Title: Bittersweet After BPD story Post by: Callmemark on February 15, 2020, 08:05:10 PM I haven't posted in a while. I want to share something that is bittersweet. A bit more than 2 years ago my uBPD wife left at my request. We divorced soon after. I began dating quickly and with a couple of exceptions met lot of very kind and stable women.
I did have a few flings that we were all honest about, so no foul, but not what I really wanted. I ended a couple of relationships that I know caused some pain but in both she accepted it and moved on. Then I met someone I really connected with. We moved slow and had healthy boundaries. It was going really well. I thought I had finally not just moved out of toxic marriage but into a thoughtful long-term relationship. The thing is, she just didn't share the same feelings. She was kind and honest about it and ended the relationship. I was more than a little disappointed and sad, but I respected her. Here's why I'm sharing this. Even after you move on there are still ups and downs. Don't think that finally breaking out of the BPD relationship solves every problem. Heartache will probably still find you. Even so, be done with the BPD relationship. Breaking up or being broken up with by a healthy person is entirely different. You're sad and at times deeply but there's closure and respect. And, like all normal heartaches, you recover. I've met someone else, and again we're moving slow. So far, so good and I’m a little hopeful. Still, even if this relationship doesn’t make it, I’m so glad to be free of all the BPD nonsense... Friends, it gets better. Title: Re: Bittersweet After BPD story Post by: I Am Redeemed on February 15, 2020, 09:39:20 PM Hi, callmemark! Thank you for sharing your experiences about dating after a BPD relationship. I think there are a lot of members here who need to hear what you said. It can be easy to fear that we might end up with another disordered partner and experience the same hurt and pain as before, or think that once we get a toxic relationship out of our lives that we won't have any more problems in relationships.

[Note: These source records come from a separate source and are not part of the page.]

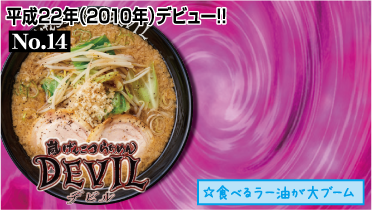 『モンスター』『ゴースト』に続くモンスターシリーズの完結編『デビル』。食べれば食べるほど、また食べたくなる魔性の甘醤油仕立てが大ヒット。シリーズは終わらず、翌年の『ガッツ!!』へと延長された。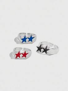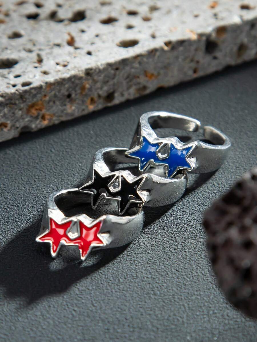 Goth 3 Pezzi Anello Set Punk a Forma di Stella, Gioielli Unisex, Taglia Regolabile, Regalo per il 4 Luglio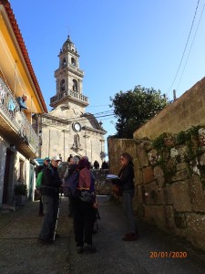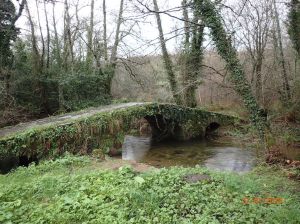 Después de tomar el tentempié de las once, discurrimos por una zona planoconvexa que sirve de divisoria de aguas entre las cuencas del Tambre (al Norte) y del Ulla (al Sur). Enseguida llegamos a la orilla del Sarela, que todavía es un río juvenil de metro y medio de ancho, y ya no lo dejaremos hasta prácticamente el final de la ruta.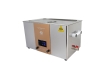 通過換能器,將功率超聲頻源的聲能轉(zhuǎn)換成機(jī)械振動(dòng),通過清洗槽壁將超聲波輻射到槽子中的清洗液。由于受到超聲波的輻射,槽內(nèi)液體中的微氣泡能夠在聲波的作用下快速變大破裂,破裂時(shí)產(chǎn)生的高強(qiáng)度剪切力作用于各類樣品上,從而達(dá)到清洗、提取、乳化、加速溶解、粉碎、分散等作用。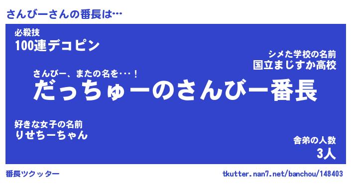 | 意味不明あだ名 | 『ペロリンさんびー』『永久保存さんびー』 |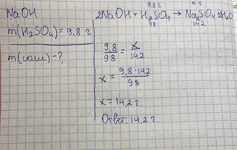 Вычислите массу соли, которая образуется при взаимодействии гидроксида НАТРИЯ с расствором СЕРНОЙ к-ты массой 9.8 грамм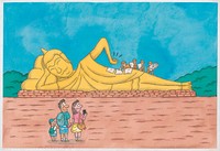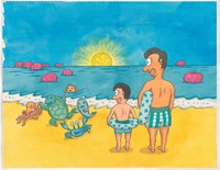 本原画展は昨年から各地で開催されているが、今回は3点の新作も公開。「すべての人に健康と福祉を」の項目をテーマにした作品「サバンナの診療所」には、ドクターの診察を待つ列に並び、「うちの子も診てちょうだい」の表情を浮かべているライオンがなんともかわいらしい。
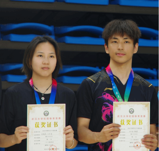 4�20日至21日,武汉大学2024年研究生乒乓球比赛在卓尔体育馆顺利举办。本次研究生乒乓球比赛的共有32个院系�272人次参与,我�10名同学参加了本届研乒赛混合团体、男双、混双三个项目的比赛。在运动员们的不懈奋斗下,我院继武汉大学2023年学生乒乓球比赛后,再次取得混合团体季军的傲人战绩!在单项赛事中�白书�/周燏�组合问鼎混合双打冠军�周睿�/郝泽�组合荣获男子双打亚军�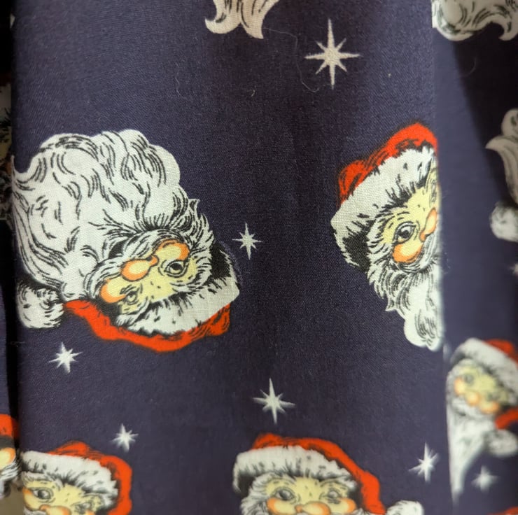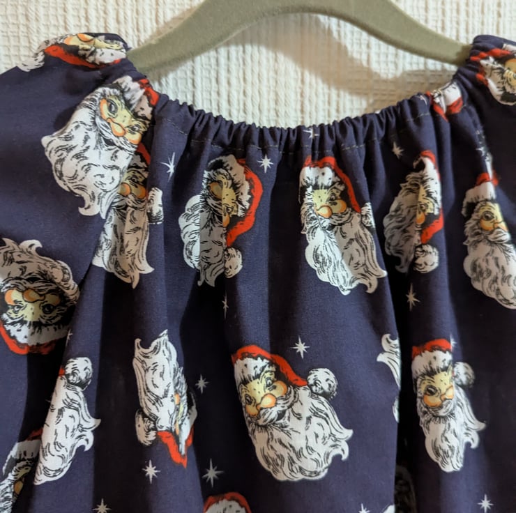 Girls Christmas festive dress beautifully handmade in a navy Santa print.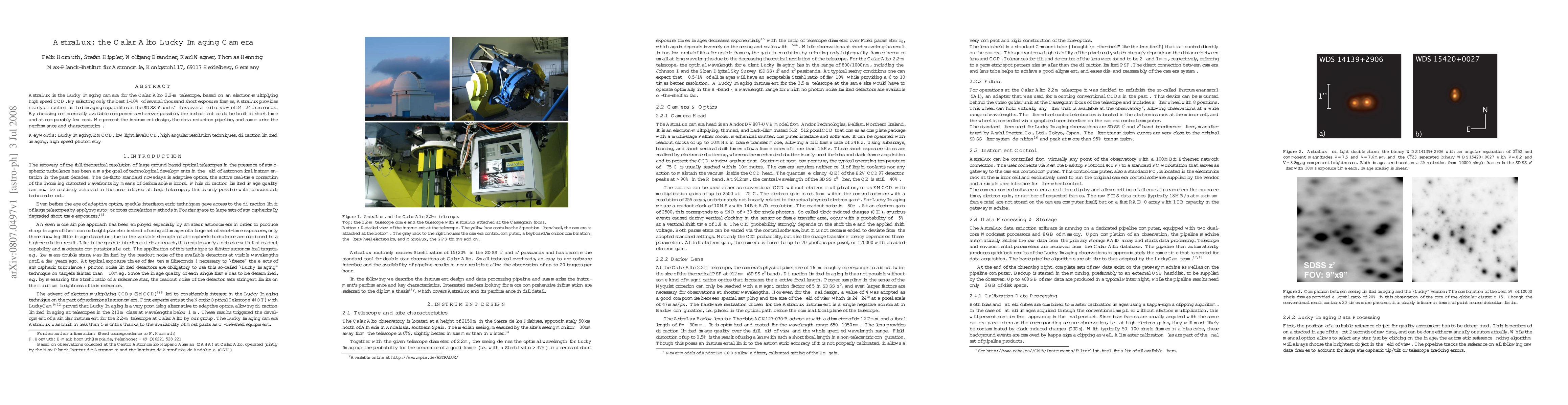 AstraLux is a Lucky Imaging camera for the Calar Alto 2.2-m telescope, utilizing an electron-multiplying high-speed CCD to select the best frames for nearly diffraction-limited imaging in SDSS i' and z' filters. The instrument was designed with commercially available components for quick and cost-effective construction.
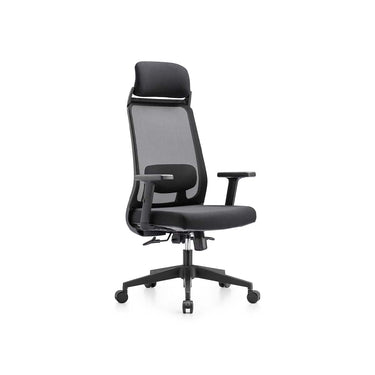 Silla de oficina diseñada para espacios corporativos de alto rendimiento. Cabecero en poliuretano tapizado proporciona soporte cervical superior, respaldado por malla de poliéster transpirable que optimiza la circulación de aire. Asiento con espuma inyectada de densidad controlada garantiza comodidad prolongada. Brazos regulables en 3D se adaptan a múltiples posiciones de trabajo. Mecanismo sincrónico 3.0 con tres posiciones de bloqueo permite ajustes precisos. Resorte neumático clase 3 certificado BIFMA soporta 120.000 ciclos rotativos. Base estrella de nylon reforzado con fibra de vidrio (680mm) y ruedas de poliuretano de 60mm aseguran estabilidad y movilidad profesional.

Your story is a good example of how healthy boundaries can and should be exercised from the beginning of a relationship. This is how adult romantic r/s should be, with mutual respect and communication. No, it may not always work out how we want, but it's helpful to know that even if we are disappointed and sad about the end of a r/s it doesn't have to involve lasting wounds, depression, and devastation as many of our bpd r/s have. Good for you for moving on in a healthy way and not letting previous experiences color how you see the future. I wish you the best in your new r/s! Title: Re: Bittersweet After BPD story Post by: cosmical on February 21, 2020, 09:48:49 AM I am a little jaded at the thought that "normal" relationships may feel bland and gray after my BPD experience. Is this a thought you ever encounter or are you always grateful for the rationality?